The HTML attachment was more interesting, although quite a basic attempt at phishing. I saved it to a file system and use the Unix `file’ command to see the general format of what it might contain:

[locasto@xorenduex quarantine]$ file Refund_Payment_Form\(ID\ A20W852\).html
Refund_Payment_Form(ID A20W852).html: ASCII English text, with very long lines, with CRLF line terminators
[locasto@xorenduex quarantine]$

Using the Unix `more’ command, I started to scroll through the file. Most of it appears to be a fairly standard scrape of a real IRS web page.

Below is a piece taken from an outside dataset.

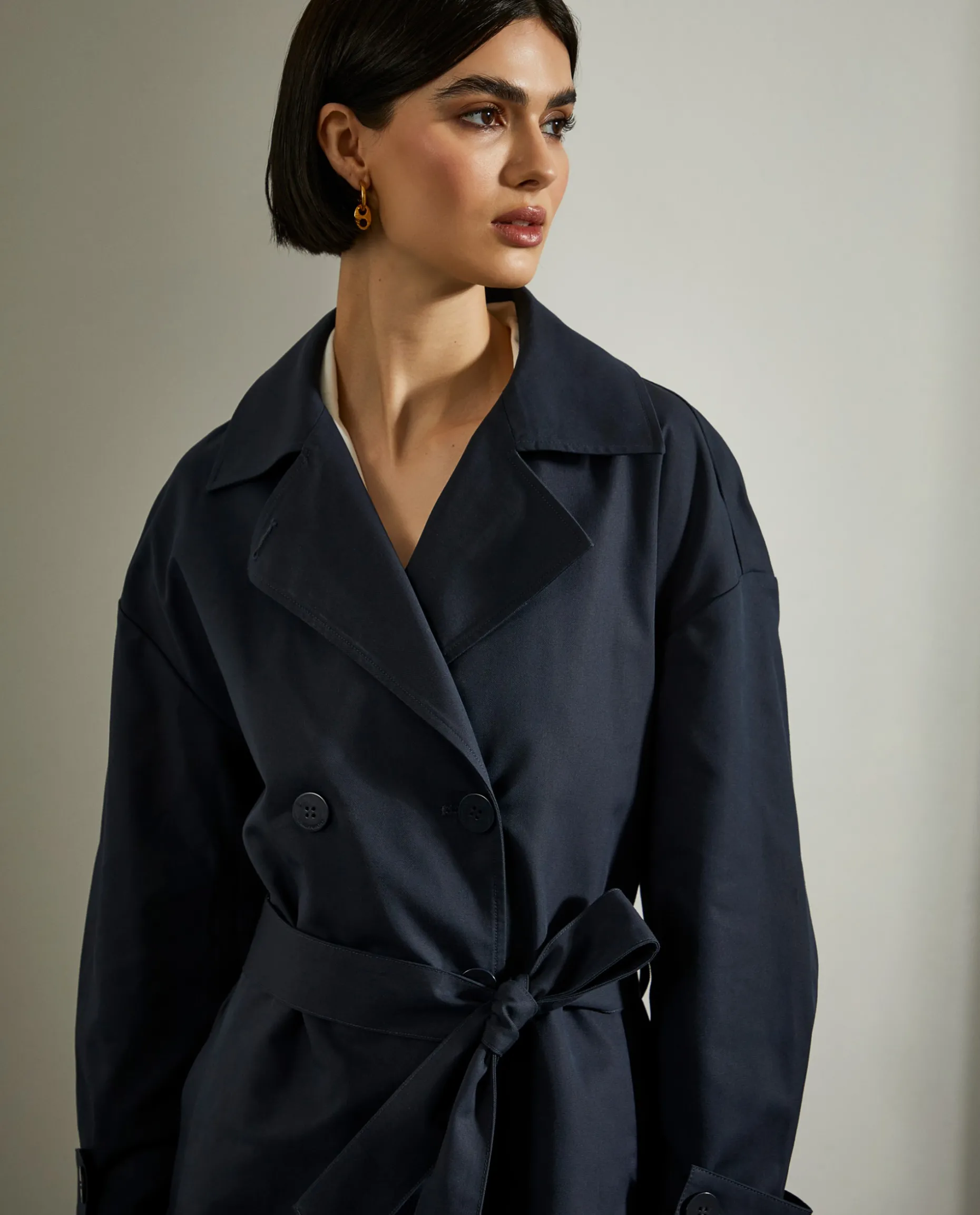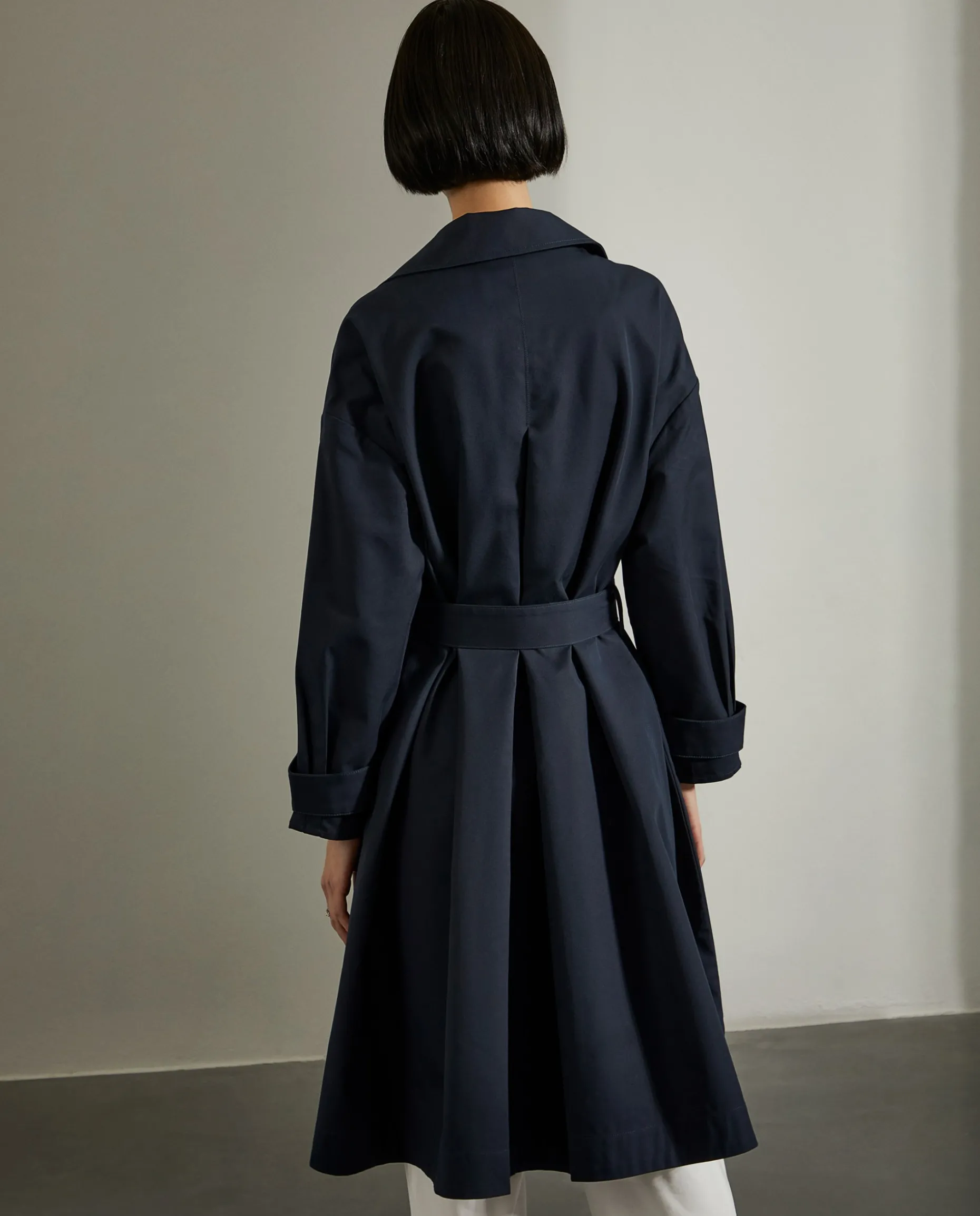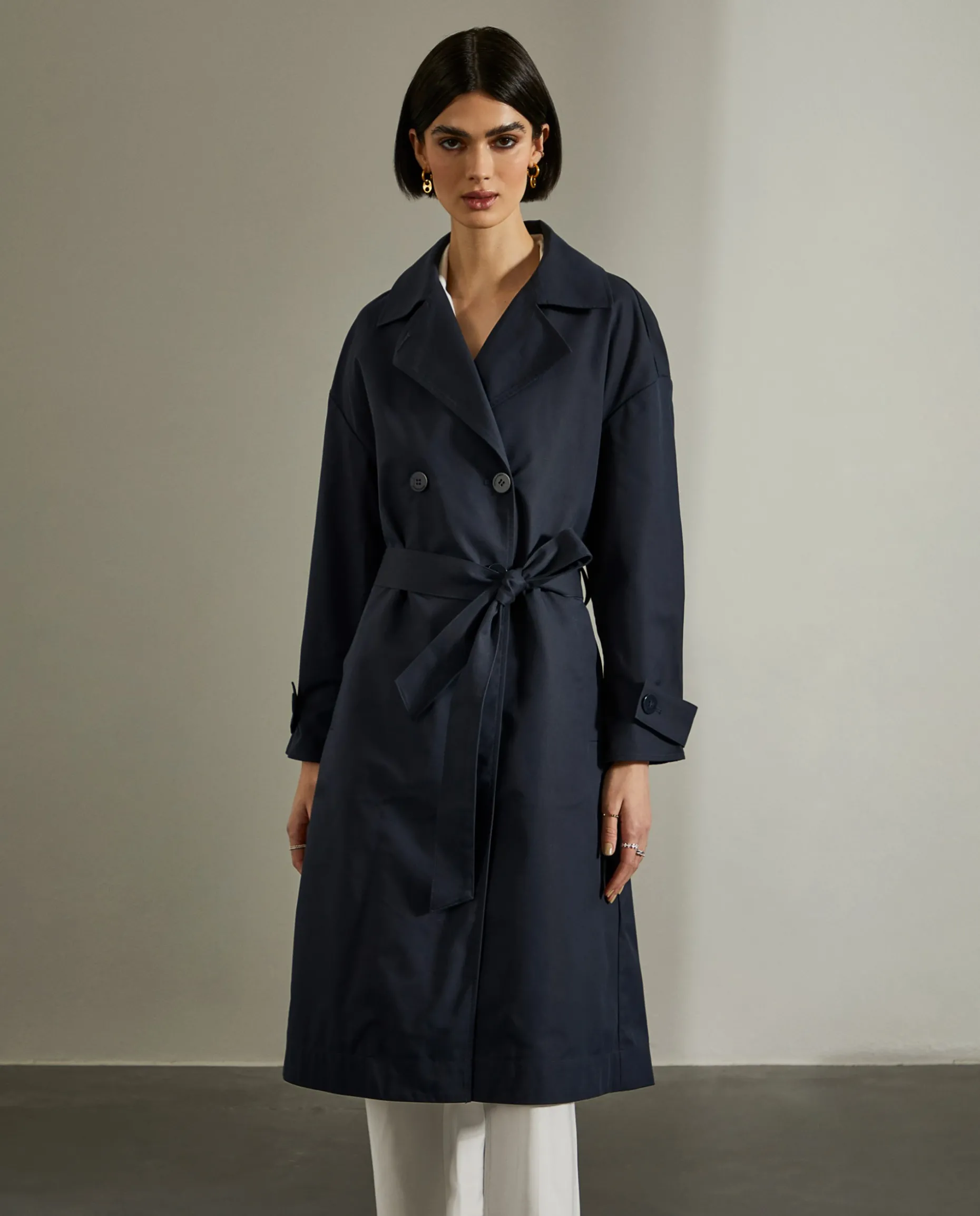 Casaco comprido, estilo gabardine, com trespasse de 4 botões. Bolsos de vivo na frente e cinto a ajustar o casaco nas costas.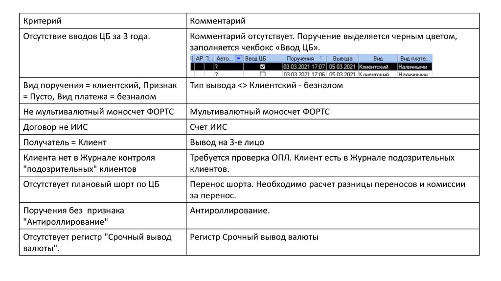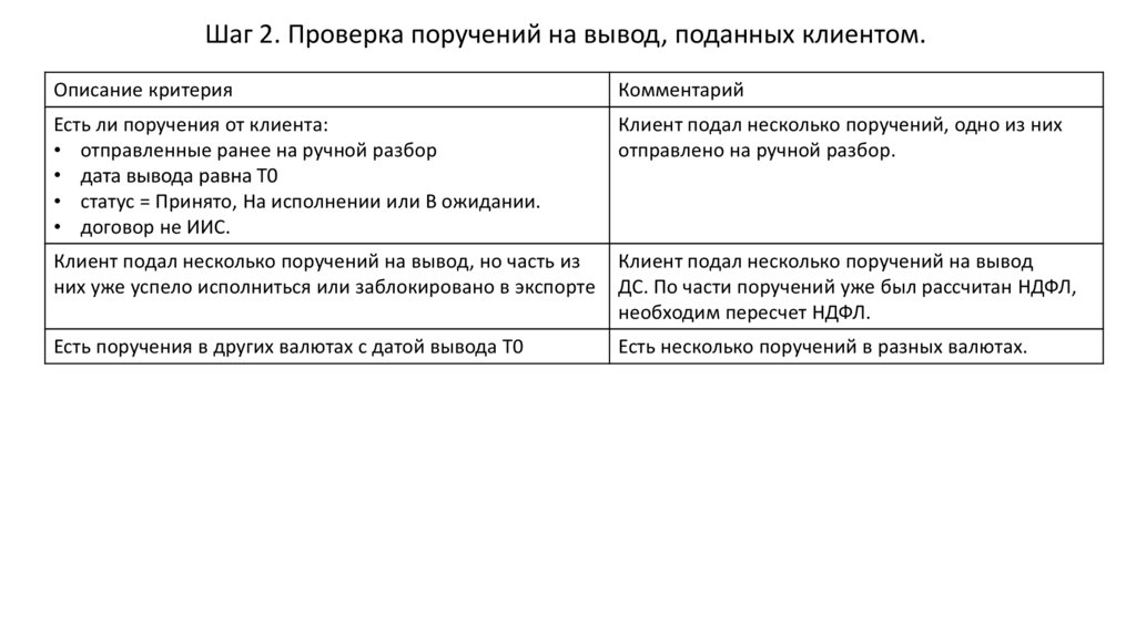 Происходит проверка поручений по следующим критериям (см. ниже). Если поручение не

At line 324, however, we see an HTML table definition that contains a brief Javascript program starting at line 338 (immediately before this, the phisher attempts to close any other active script context with an “end” SCRIPT tag. The script is mean to check HTML form input before submission. It pops up Javascript alert boxes asking for a series of items. It starts by asking 3 times for your SSN, then requests your CVC/CVV2 (those short codes on the back of your credit card), your ATM signature, credit card expiration month and year, full name, billing address, home phone, date of birth (3X), mother’s maiden name, and name of your bank.

Places to enter this information appear in an HTML form defined immediately after this script. The target action of this form is to post the information the victim gives it to a PHP web page at hikinginn.com. The URL looks like some bulletin board or photo gallary: “/bbs/data/egallery/119701770/indexppl.php”. Presumably this page has been hijacked to contain code that accepts data from this phishing attempt. When I used wget to fetch this page, wget returned an HTTP 404 (Not Found) error, indicating that this page may well have been taken down.

[locasto@xorenduex quarantine]$ wget http://www.hikinginn.com/bbs/data/egallery/1197017760/indexppl.php
--10:54:55--  http://www.hikinginn.com/bbs/data/egallery/1197017760/indexppl.php
           => `indexppl.php'
Resolving www.hikinginn.com... 218.232.66.19
Connecting to www.hikinginn.com|218.232.66.19|:80... connected.
HTTP request sent, awaiting response... 404 Not Found
10:54:56 ERROR 404: Not Found.

The web site itself is for a resort on the Korean island of Jeju.